Thanks! Yes, a joystick only game is limiting enough; a dual-stick gamepad game for dos is limited even further. :P

I really like the Sabrent; I got it because it looked cool, was cheap, and showed promise. It was a risk that paid off. It's definitely cheaper and not just less expensive than an XBox360 gamepad, that's still my favorite for playing on windows. But DosBox doesn't recognize the 360's second stick correctly, something to do with mapping an an extra analog "axis" on the trigger buttons and DOSBox just using the first 4 no matter what, so I can't use it for a dual stick game in Dos! Not that there are many/any other than what I'm writing. But the 360 controller works great in windows and dosbox as a left-joystick and right-buttons, so really no complaints. Hopefully a future DosBox release will fix that minor issue.

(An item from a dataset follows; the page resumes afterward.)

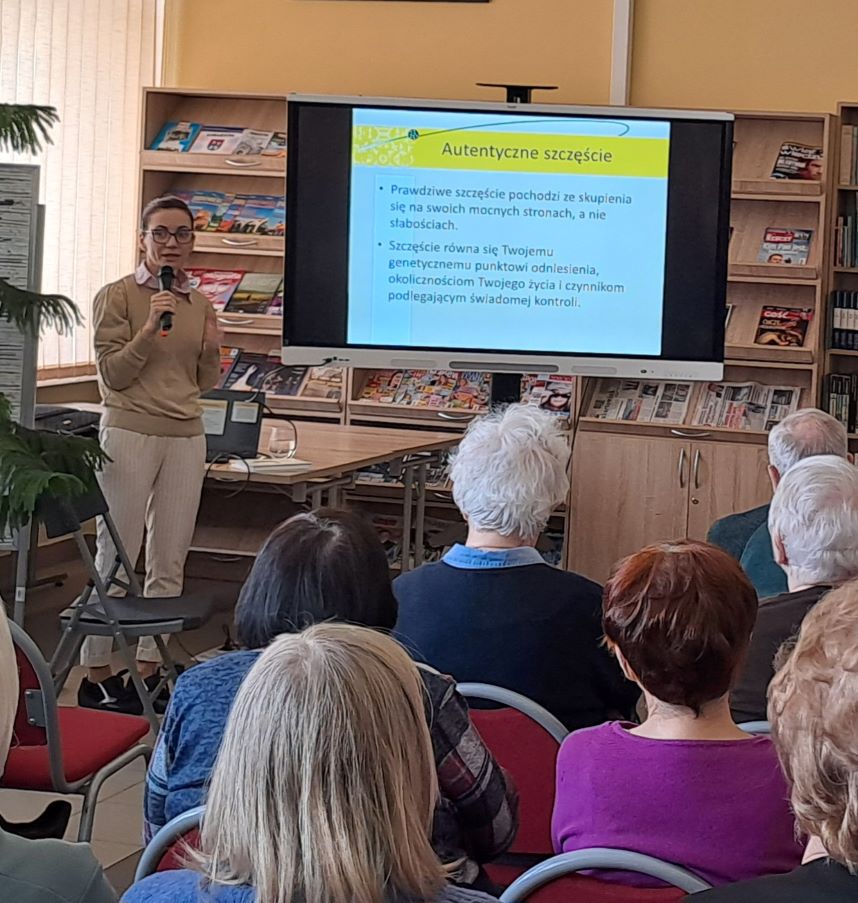 7 kwietnia 2025 r. słuchacze lubartowskiego Uniwersytetu Trzeciego Wieku mieli przyjemność wysłuchać wykładu Pani Joanny Pilarczyk, dyrektor Poradni Psychologiczno-Pedagogicznej w Lubartowie na temat: „Jak osiągnąć dobrostan?”. W dużej czytelni Miejskiej Biblioteki Publicznej naszego gościa oraz zebranych powitał prezes UTW Ryszard Trybalski.

Here's the asm for joysticks values in Dos/Dosbox that I talked about. Basically just call an interrupt twice, once for analog axes, once for buttons. You can treat it like two joysticks, or a dual-stick gamepad setup. The trick is INT 0x15, function 0x84, subfunctions 1 & 0. It's the fastest way to get values in DOSBox, and the slowest way in dos. ;) And again, DOSBox joysticks are autocalibrated and return a number from 0x01 to 0xFE with 0x7F/0x80 being centered. For Dos you really have to do the "put joystick in upper left" ... "now in lower right" ... "now in center" to find out what the real joystick's ranges are, and every joystick is different.

Code: Select all

	; Get joystick Axes into ax,bx and cx,dx for two joysticks
	mov ah, 84h
	mov dx, 1
	int 15h

       ; Now do something with the values in ax,bx (X,Y #1) and cx,dx (X,Y #2)
	
	; Get joystick buttons into ax - 4 buttons, two on each joystick
	mov ah, 84h
	mov dx, 0
	int 15h

        ; Now do something with the values in ax, bits 4-7 are "button on/off" flags
I looked up how to do inline assember in C, and this is what I came up with. It might be wrong or I might have typos, but maybe it saves someone time

Code: Select all

void GetJoystickValues(void)
{
    int x, y, x2, y2, buttons;

    asm mov ah, 84h
    asm mov dx, 1
    asm int 15h

    asm mov [x], ax
    asm mov [y], bx
    asm mov [x2], cx
    asm mov [y2], dx

    asm mov ah, 84h
    asm mov dx, 0
    asm int 15h

    asm mov [buttons], ax
}
or it looks like instead of the asm keyword on every line, mabye use an asm block?

Code: Select all

void GetJoystickValues(void)
{
    int x, y, x2, y2, buttons;

    /* some sites say the { must be on the same line as __asm keyword */ 
    __asm {

        mov ah, 84h
        mov dx, 1
        int 15h

        mov [x], ax
        mov [y], bx
        mov [x2], cx
        mov [y2], dx

        mov ah, 84h
        mov dx, 0
        int 15h

        mov [buttons], ax
    }
}
Of course, then you do something with the values, or maybe you make the variables global rather than local or store them somehow. There's also probably a way to do buttons = ax or x = ax without using asm (I see things like "buttons = regs.x.ax;" in sample code, but I don't know if that's correct or works for your Turbo C version.) Ultimately it doesn't matter as long as it gets the right values to the right memory location for use as the variable!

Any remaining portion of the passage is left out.